ACTIVITY:
The response should contain all of the data below, reproduced exactly, and no pictures.

INPUT DATA:
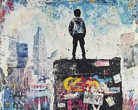 Stadssilhouet | Stadssilhouet - Dit is een urban kunst schilderij met een jongen die uitkijkt over een chaotische stadsgezicht, omhuld in levendige kleuren en dynamische texturen die de energie en onrust van de stedelijke omgeving uitbeelden.
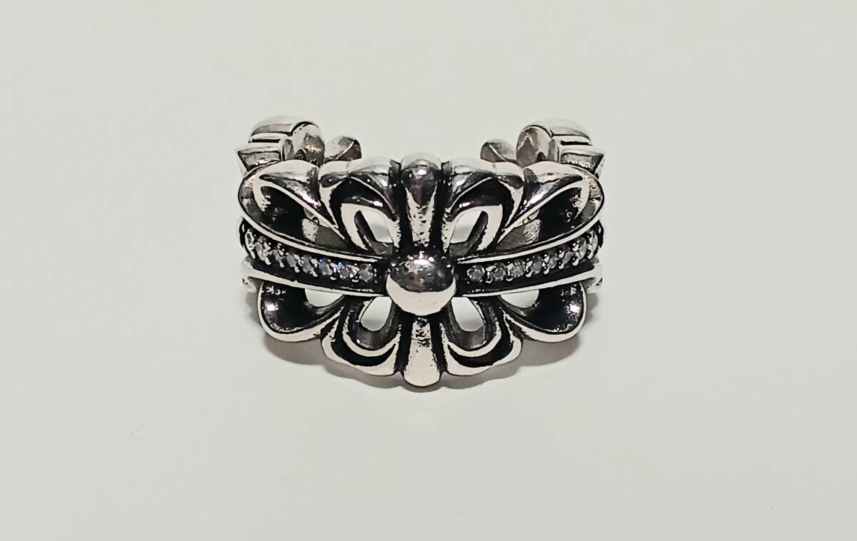 > CHROME HEARTS アフターパヴェダブルフローラルクロスリング クロムハーツ シルバー925 19号
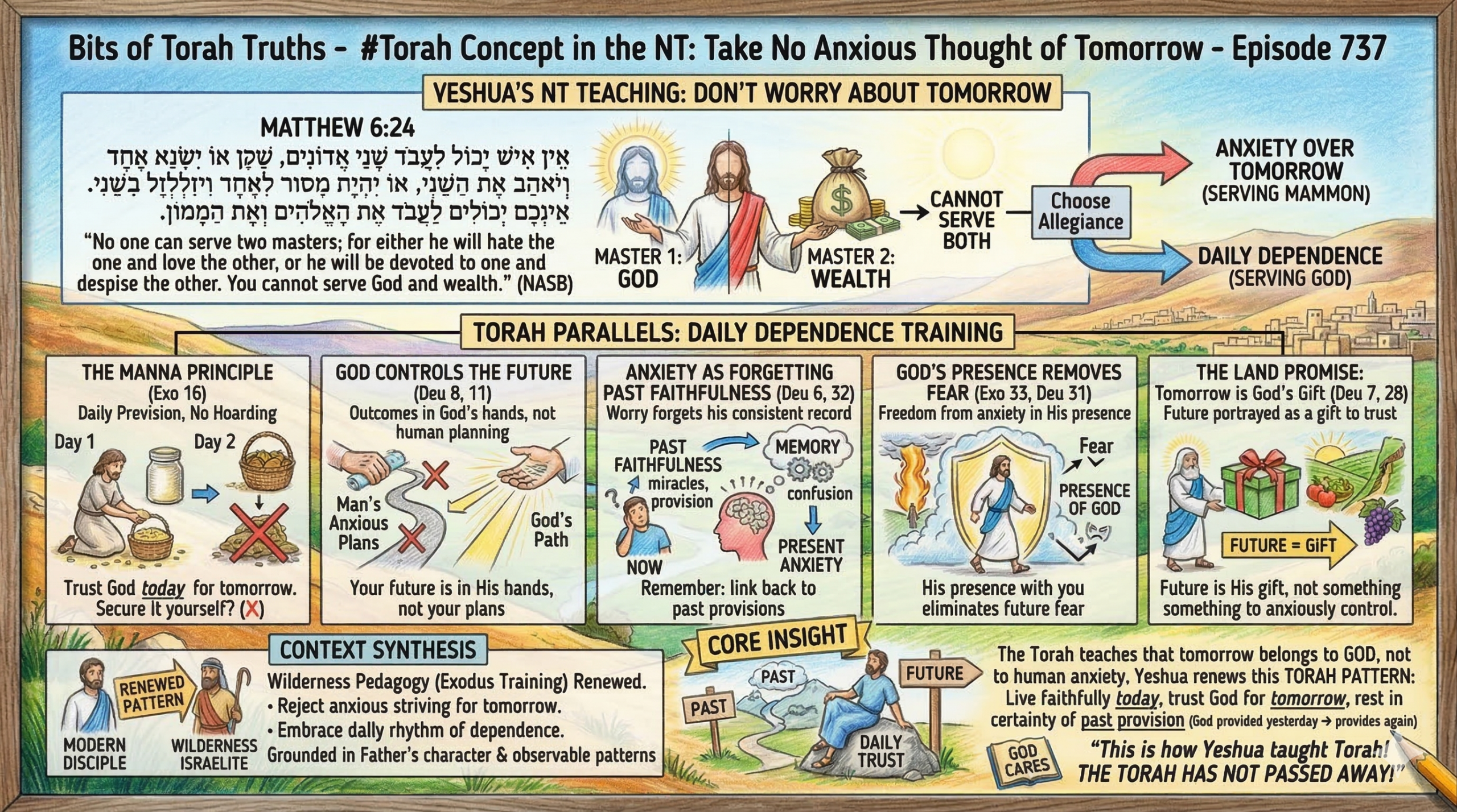 Yeshua’s instruction not to worry about tomorrow (Matthew 6:24) echoes the Torah’s foundational training in daily dependence on God rather than future‑oriented anxiety. The Torah repeatedly teaches Israel that God controls tomorrow, and His people are to trust Him one day at a time.
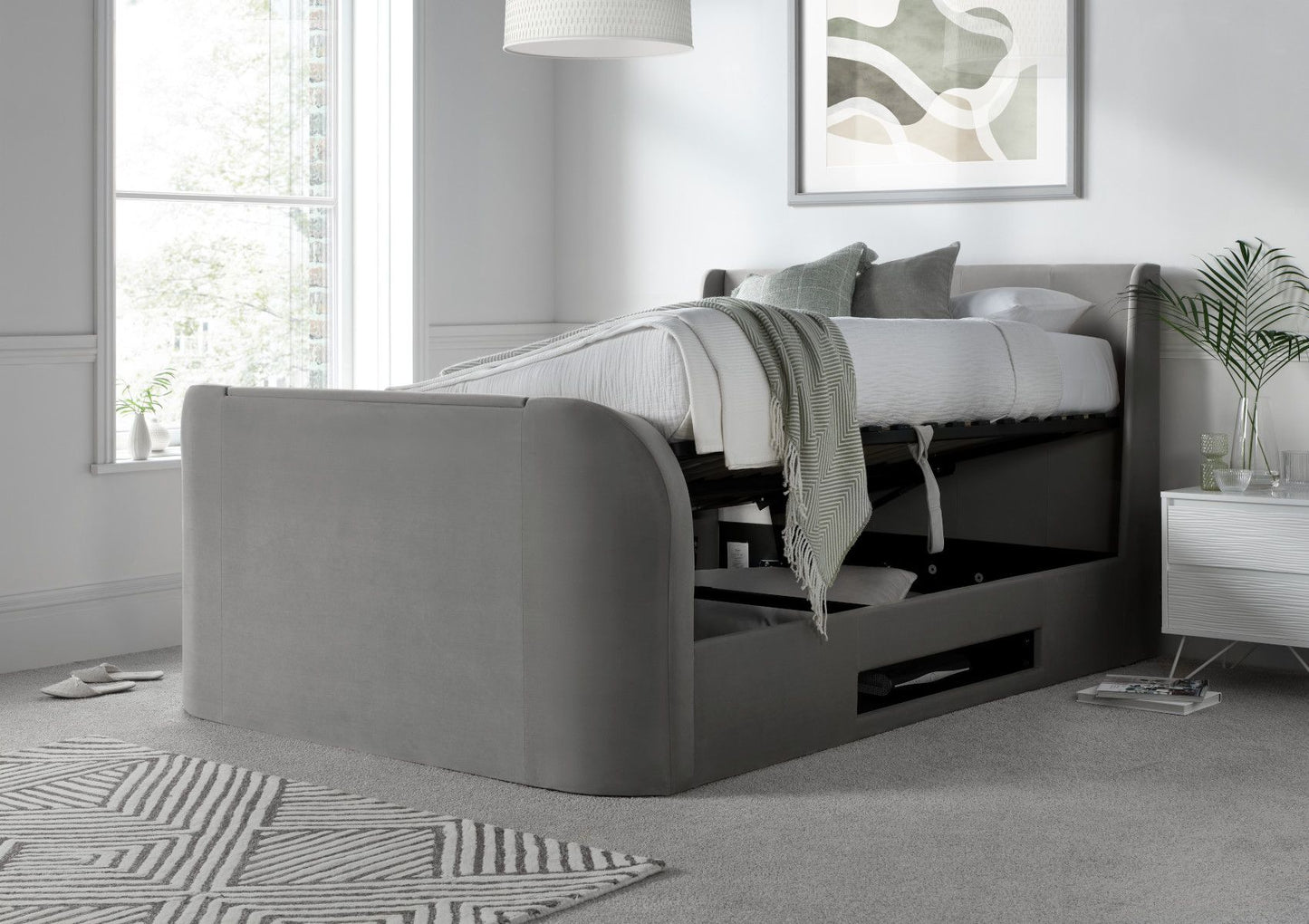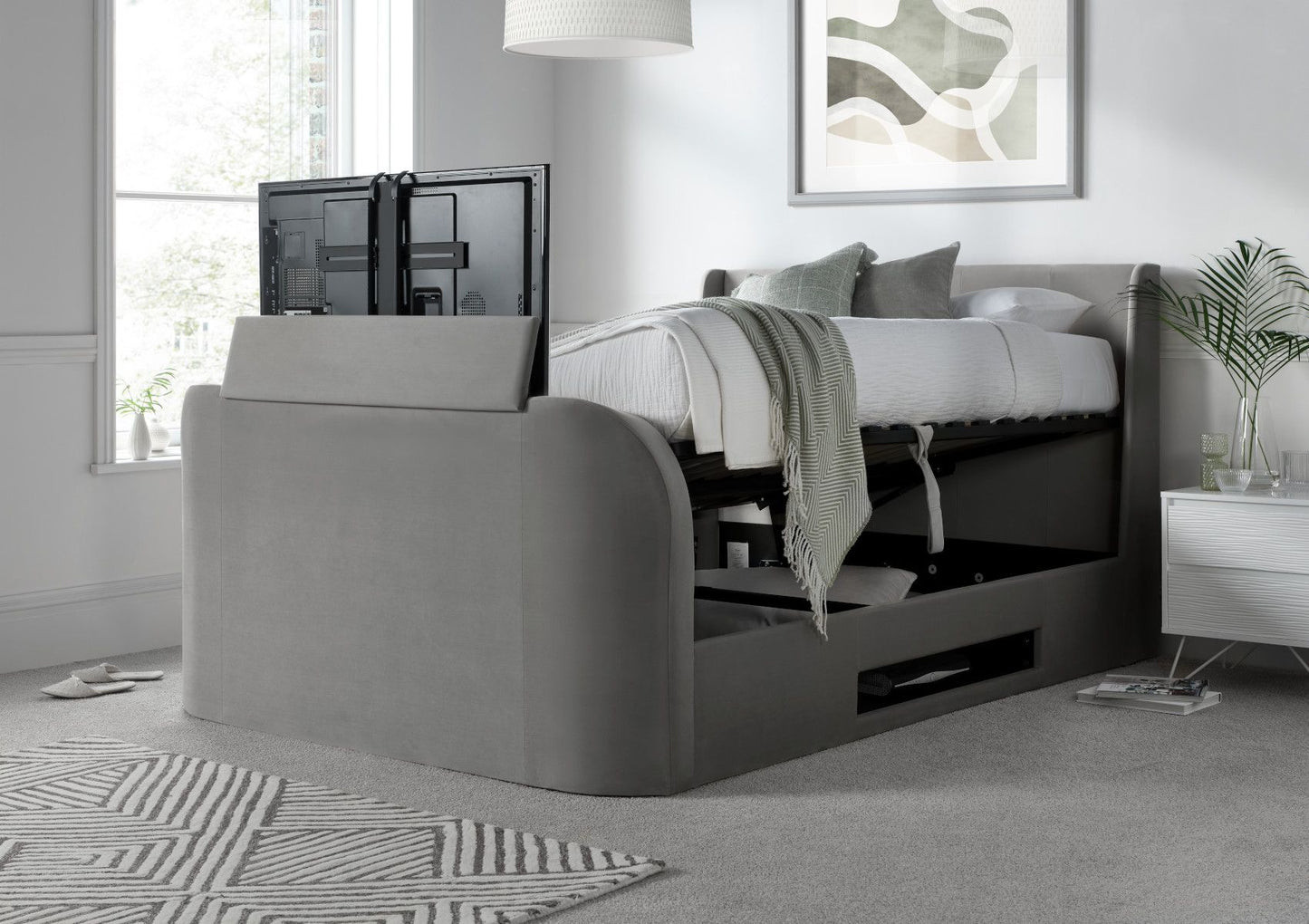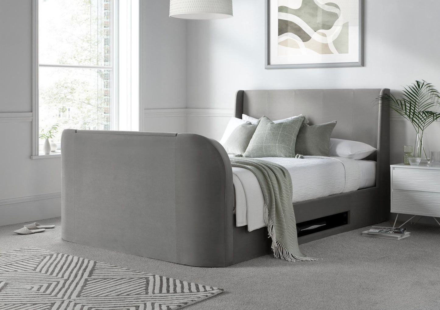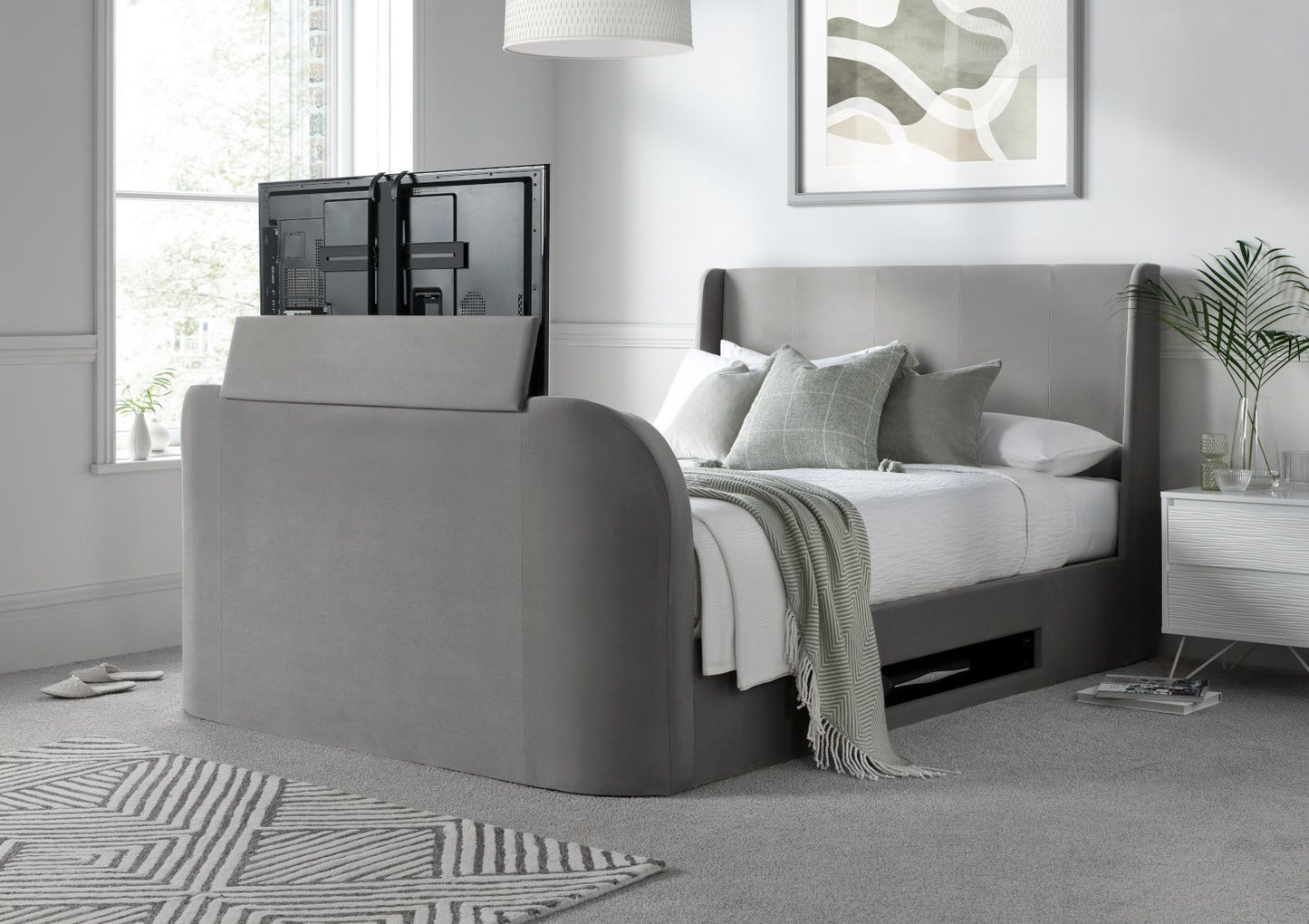 The Vancouver Ottoman Winged TV bed is the ideal choice for enjoying your favourite TV shows, movies, or video games from the comfort of your bed. With a remote-controlled TV lifting mechanism, this bed allows you to discreetly hide the TV when it's not in use. It can hold TVs up to 43 inches, with adjustable brackets to accommodate different sizes.

TASK SOLUTION:
 Stadssilhouet | Stadssilhouet - Dit is een urban kunst schilderij met een jongen die uitkijkt over een chaotische stadsgezicht, omhuld in levendige kleuren en dynamische texturen die de energie en onrust van de stedelijke omgeving uitbeelden.
 > CHROME HEARTS アフターパヴェダブルフローラルクロスリング クロムハーツ シルバー925 19号
 Yeshua’s instruction not to worry about tomorrow (Matthew 6:24) echoes the Torah’s foundational training in daily dependence on God rather than future‑oriented anxiety. The Torah repeatedly teaches Israel that God controls tomorrow, and His people are to trust Him one day at a time.
 The Vancouver Ottoman Winged TV bed is the ideal choice for enjoying your favourite TV shows, movies, or video games from the comfort of your bed. With a remote-controlled TV lifting mechanism, this bed allows you to discreetly hide the TV when it's not in use. It can hold TVs up to 43 inches, with adjustable brackets to accommodate different sizes.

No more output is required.